Owing to respectively blocking the thickness at position and the size of stress value, exist differently, the discharge capacity while being therefore broken is not identical yet.In mini-frac process, geostatic pressure shows as in certain discharge capacity overdraft stable, if surpass this discharge capacity, operation pressure is a kind of steady downward trend.Reflection crack in height increases the process of extension.The method of Dynamic injection plug, is exactly in crack, to occur, under the discharge capacity of slippage or breakthrough, to inject plug, makes plug be filled in crack slippage or stress breakthrough position.

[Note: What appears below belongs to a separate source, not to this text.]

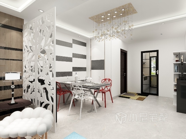 用鏤空的花紋隔斷,劃分客廳與餐廳的空間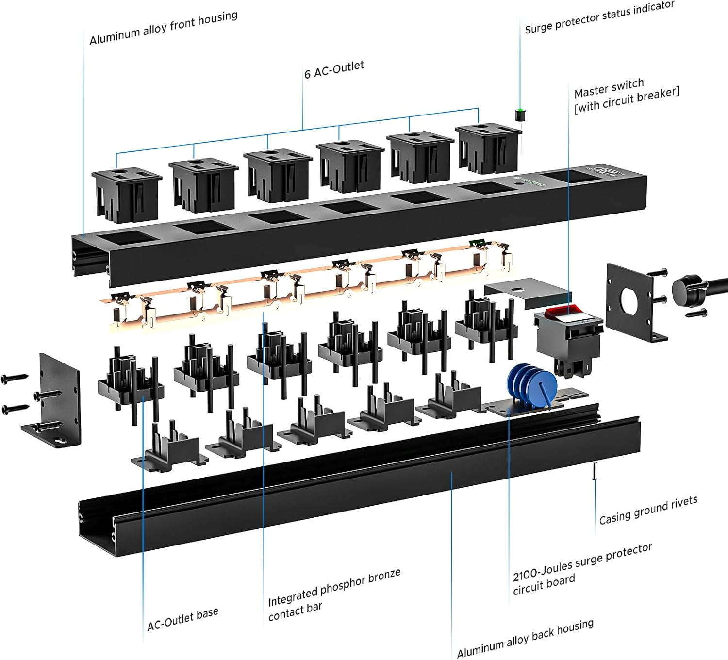 - Special Feature : Metal Housing, Mountable, On And Off Switch, SGS Listed, Surge Protection 2100J

According to specific embodiment of the invention scheme, the method for controlling crack slippage in fracture-type reservoir waterfrac treatment technique of the present invention comprises step:
Before clamp-oning plug, first with fracturing liquid base fluid, make seam, lower not termination of pumping of discharge capacity injection plug, plug is fills up to low-stress position;
Plug all enters behind stratum, continue again to inject base fluid, now due to low-stress position filling high viscosity plug, improved the fracture toughness property at low-stress position, follow-up base fluid is from borehole along fracture orientation fingering, along with the propelling of base fluid, plug is pushed to both sides, when plug forward position is broken, base fluid continues to make forward seam, enters normal pressing crack construction.
In another specific embodiments of the present invention, the invention provides a kind of control fracture height in fracture-type reservoir waterfrac treatment technique method.Particularly, the method comprising the steps of:
First with a certain amount of fracturing liquid base fluid, press off stratum, lower not termination of pumping of discharge capacity injects plug, utilize the viscosity of plug large, the feature of poor fluidity, be filled in fracture height extending part, improve the fracture toughness property of extending part;
Recycling fracturing liquid base fluid viscosity is little, the characteristic of good fluidity, in the location of cracks fingering of having opened, at nearly well, forms good fracture morphology, and crack is normally extended forward.
On non-stress shielding stratum, fracture height is wayward, and crack slip mechanism is similar to controlling, and adopts dynamic plug to control seam high.
According to specific embodiment of the invention scheme, the method for controlling fracture height in fracture-type reservoir waterfrac treatment technique of the present invention comprises step:
Model is set up: establishing Crack Control height is h, and the fracture width that pressure break produces is d.Before squeezing into plug, first squeeze into a certain amount of base fluid and make seam, according to the reasonable discharge capacity of selecting, squeezing into plug, plug is fills up to unstressed position, and now plug is approximate circle shape expansion (as shown in left side picture in Fig. 5), and calculating plug consumption is π d*H
2/ 4, plug all enters behind stratum, continue again to squeeze into base fluid, now, due to low-stress position filling high viscosity plug, improved the fracture toughness property at low-stress position, now base fluid is from borehole along fracture orientation fingering, along with the propelling of base fluid, plug is pushed to both sides, when plug forward position is broken (as shown in the right picture in Fig. 5), base fluid continues to make forward seam, enters normal pressing crack construction.
In aforesaid method of the present invention, can prepare in accordance with the following methods plug base fluid:
To the plug viscosifying agent that adds 0.3~0.65% in clear water, circulation stirring is to viscosity≤65mpa.s, then adds 0.15~0.3% plug promotor recirculation to stir 5 minutes, prepares plug base fluid.Wherein, described plug promotor typically refers to pH adjusting agent, the pH value of regulation system is to play promoter action (normally between regulation system pH value to 10~12 as required, the consumption of promotor be generally system gross weight 0.15~0.3%), concrete operations can be carried out according to the routine operation in affiliated field as required.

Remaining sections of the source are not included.